PROBLEM STATEMENT ▸ Transcribe the records exactly. Pictures do not belong in the transcription.

Collected data ▸
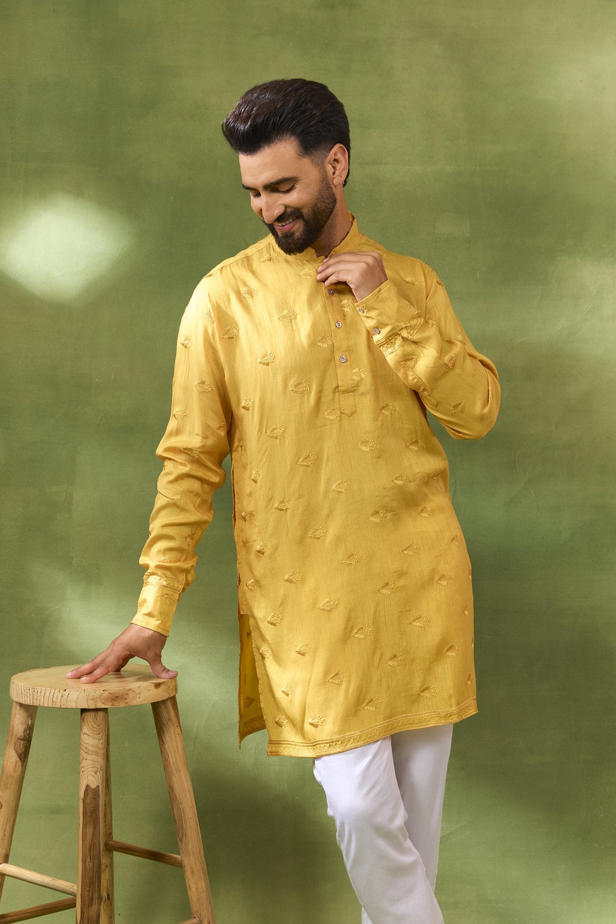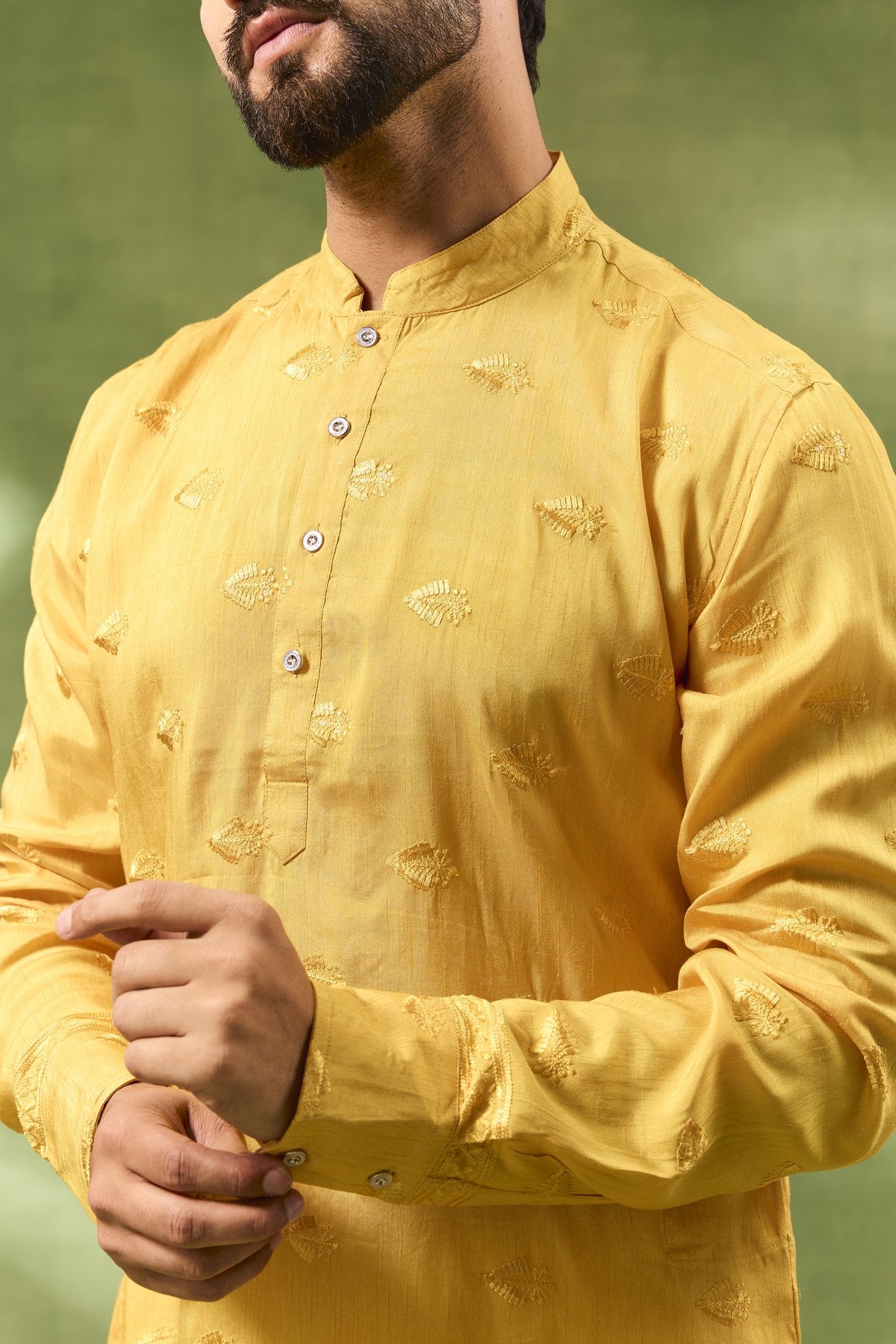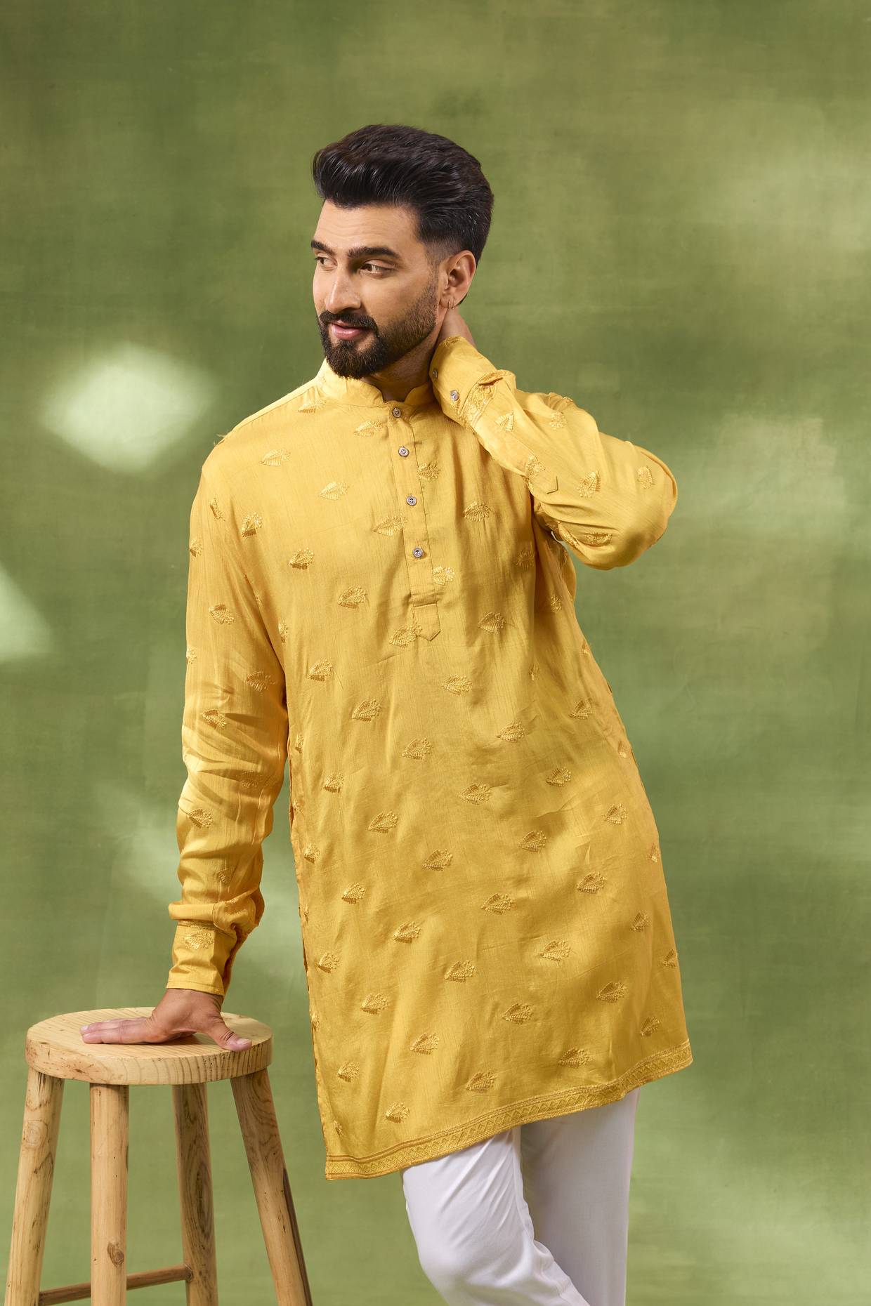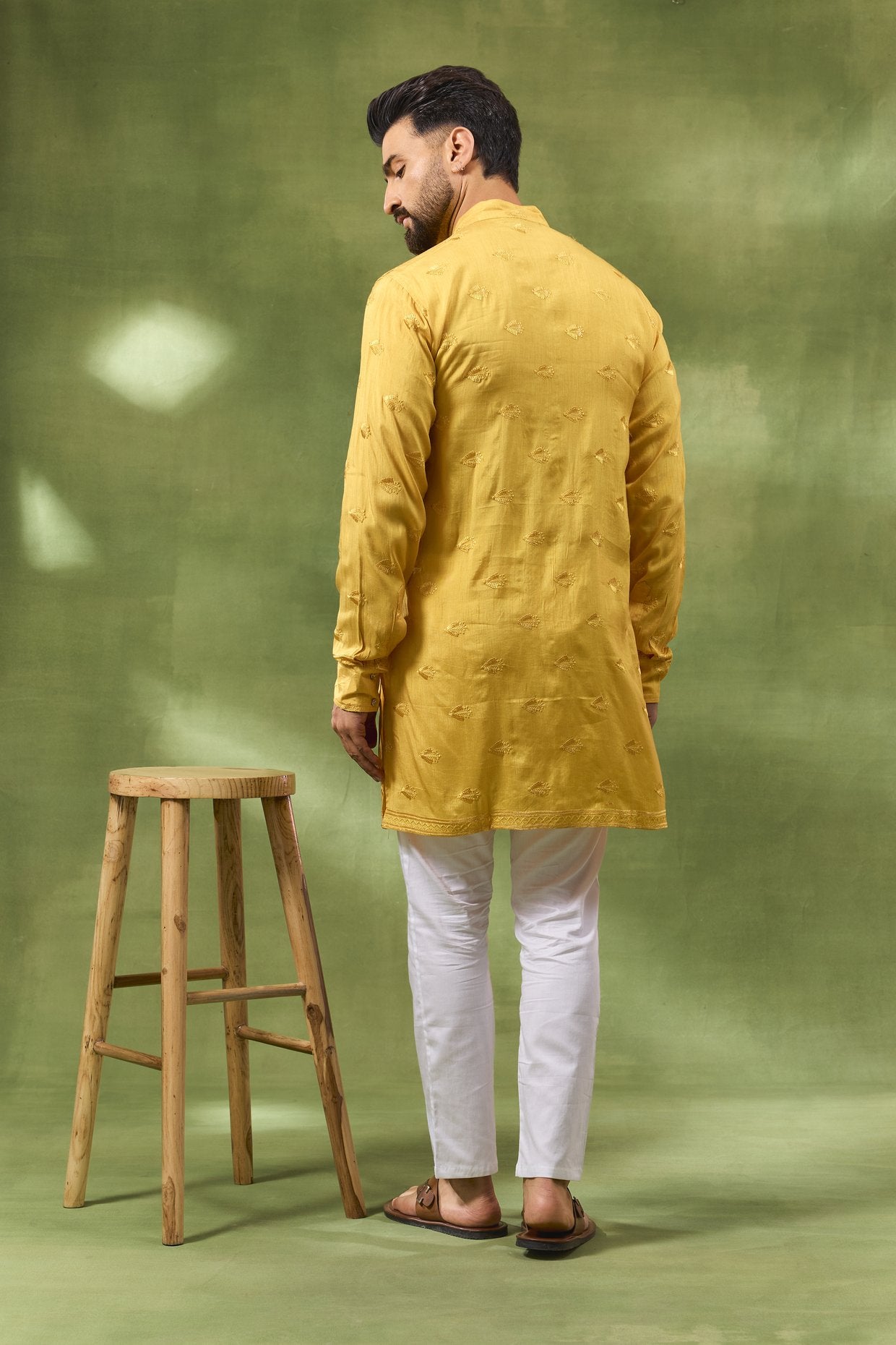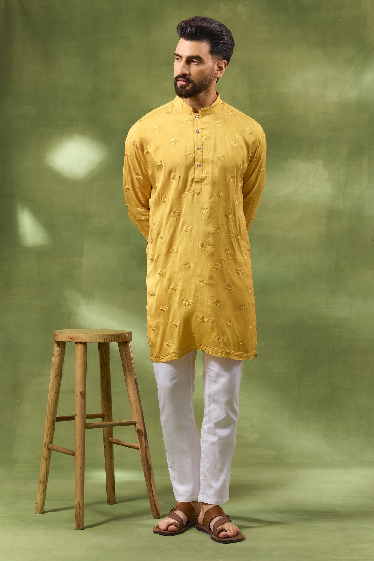 Mustard yellow kurta in a border embroidered blended silk base fabric. This kurta is paired with white cotton pants.
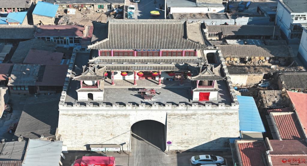 據(jù)重修鼓樓碑和《道光、光緒繁峙縣志》記載,該鼓樓始建于明代萬歷十四年(1586),清康熙二十七年(1688)維修,清乾隆二十三年(1758)增設(shè)鐘樓、鼓樓,光緒二年(1878)重修,現(xiàn)存建筑為明、清建筑。城臺呈方形,條石筑基,青磚鋪面,內(nèi)為夯土。臺基中設(shè)拱券門洞,南北貫通。城樓內(nèi)供奉文昌神,又稱為文昌閣,面寬五間,進深四椽,七檁前后廊構(gòu)架,二層三檐歇山頂,上層斗拱一斗二升交麻葉,下層明間設(shè)拱券門,次間圓形窗,四角施通天柱,內(nèi)設(shè)樓梯,可登二層。
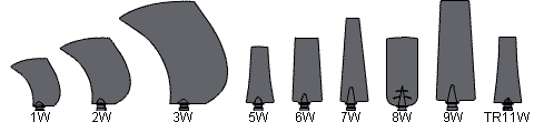| 7W | - | 63 | 72 | 81 | 89 | 96 | 103 | 109 | |
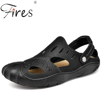 Fires New Fashion Man's Driving Sandals Artificial Leather Outdoor Shoes Non-slip Wearable Soles Flat Shoes Tide Casual Shoes
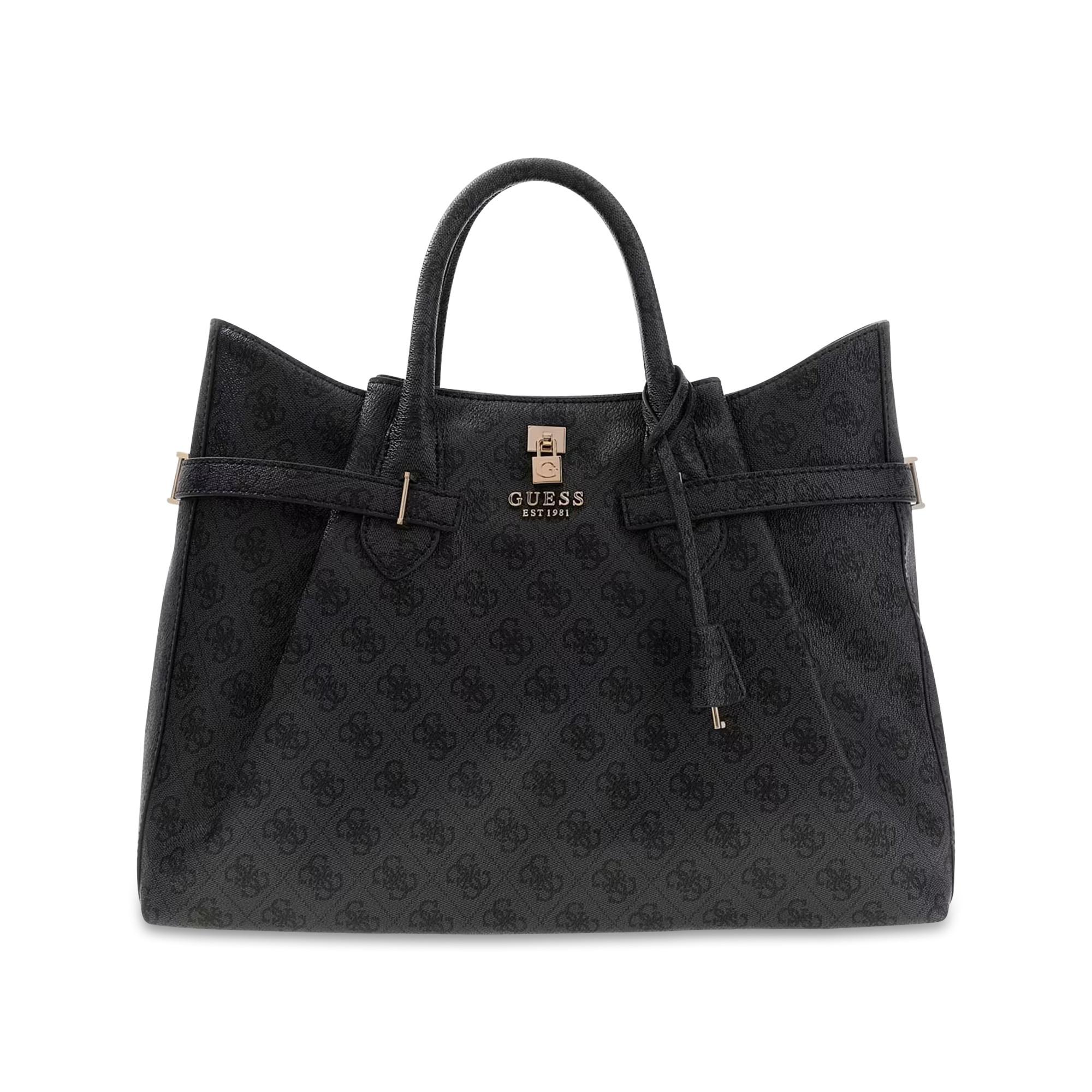 Ce sac cartable présente un design sophistiqué avec un motif logo proéminent sur l'ensemble. Le sac est équipé de deux poignées robustes pour un transport confortable et d'une fermeture sécurisée du compartiment principal. Des sangles latérales décoratives avec des détails de boucle ajoutent à son attrait élégant.

TASK SOLUTION ▸
 Mustard yellow kurta in a border embroidered blended silk base fabric. This kurta is paired with white cotton pants.
 據(jù)重修鼓樓碑和《道光、光緒繁峙縣志》記載,該鼓樓始建于明代萬歷十四年(1586),清康熙二十七年(1688)維修,清乾隆二十三年(1758)增設(shè)鐘樓、鼓樓,光緒二年(1878)重修,現(xiàn)存建筑為明、清建筑。城臺呈方形,條石筑基,青磚鋪面,內(nèi)為夯土。臺基中設(shè)拱券門洞,南北貫通。城樓內(nèi)供奉文昌神,又稱為文昌閣,面寬五間,進深四椽,七檁前后廊構(gòu)架,二層三檐歇山頂,上層斗拱一斗二升交麻葉,下層明間設(shè)拱券門,次間圓形窗,四角施通天柱,內(nèi)設(shè)樓梯,可登二層。
| 7W | - | 63 | 72 | 81 | 89 | 96 | 103 | 109 | |
 Fires New Fashion Man's Driving Sandals Artificial Leather Outdoor Shoes Non-slip Wearable Soles Flat Shoes Tide Casual Shoes
 Ce sac cartable présente un design sophistiqué avec un motif logo proéminent sur l'ensemble. Le sac est équipé de deux poignées robustes pour un transport confortable et d'une fermeture sécurisée du compartiment principal. Des sangles latérales décoratives avec des détails de boucle ajoutent à son attrait élégant.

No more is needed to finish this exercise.